Me he enterado y no me extraña que nuestro país es el más ruidoso del mundo, porque hace tiempo que encabezamos más cosas negativas que positivas. Dejando al margen esos países ruidosos a causa de los conflictos bélicos, nuestros ruidos llamémosles «caseros», se han convertido en las sombras de nosotros mismos, algo de lo que desearíamos pasar.
Vas por la calle y casi te obligan a escuchar las conversaciones ajenas a través del móvil, vamos, que en alguna ocasión hasta te dan ganas de intervenir en ellas solo por ayudarles a que se pongan de acuerdo y se callen.

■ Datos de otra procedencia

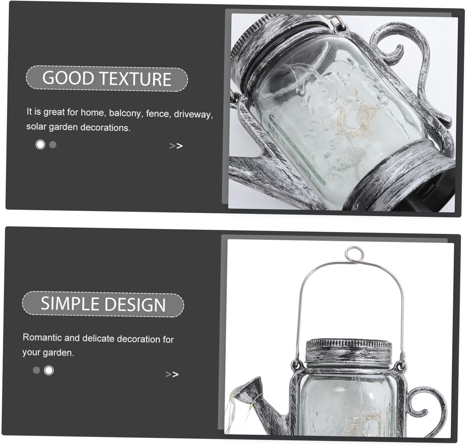 Package List 2 x jar lights Features - Voltage: 1.2V Glass Jar Light. - Size: 15.50X9.75X9.75cm/ 6.09X3.83X3.83inch Hanging Jar Light. - Rated Power: 0.06W Garden Jar Light. - Working Time: 6-12h Jar Hanging Light. - Life Span: 60000H Yard Solar Jar Light. - Color: Silver Jar Light. - Waterproof Grade: IP65. - Material: Glass + Iron. - It is great for home, balcony, fence, driveway, solar garden decorations Solar Hanging Jar Lights. - Creative kettle shaped design, romantic and delicate decoration for your garden Jar Solar Lights. - Manufactured with glass and iron material with smooth surface and high hardness Solar Jar Light. - The waterproof design can withstand rainy days or small snowy days Garden Glass Jar Light. - At night, jar lights like the lanterns filled with used by elves.Goods InformationSolar Hanging Jar Lights Great for any occasion, make warm and charming atmosphere mode for tree, patio, lawn, garden, party, wedding, Christmas, home decoration lights.Solar Jar Light Creative jar firefly lights can be used indoor and outdoor for DIY decor

Decides ir a comer a un restaurante y si has pedido un plato de sopa o caldereta, tendrás la ocasión de ver como en la superficie del caldo se produce una especie de mini sunami y como las gambas intentan saltar debido a las vibraciones sonoras producidas por los comensales que te rodean y si de postre has pedido un flan ya ni te cuento.

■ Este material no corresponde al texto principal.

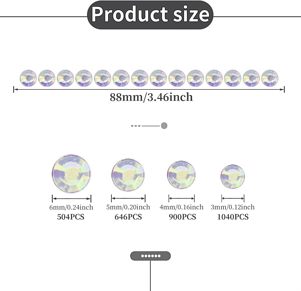 - 【Set Includes】Package contains 4 sheets of self-adhesive diamond stickers, including 1040pcs 3mm, and 900pcs 4mm, 646pcs 5mm, 504pcs 6mm. You will look more charming and gorgeous with these shimmering face body gems.

Yo hace tiempo que ya practico el auto aislamiento sonoro, moviéndome entre aquello de que «no hay más sordo que el que no quiere oír» y «a esos ni los escucho» y créanme que cuando consigan diferenciar entre lo que oyen y lo que escuchan, les aseguro que habrán alcanzado un nivel de relax de lo más sorprendente, habrán aprendido a ignorar a esos cantamañanas y palizas que pululan con la única intención de amargarle la existencia. Y si pueden aislarse algo más, lejos del mundanal ruido, en plena naturaleza, se darán cuenta de que el silencio también se escucha y hasta en ciertos momentos nos molesta, nos cuesta soportarlo cerca de nuestros atrofiados tímpanos.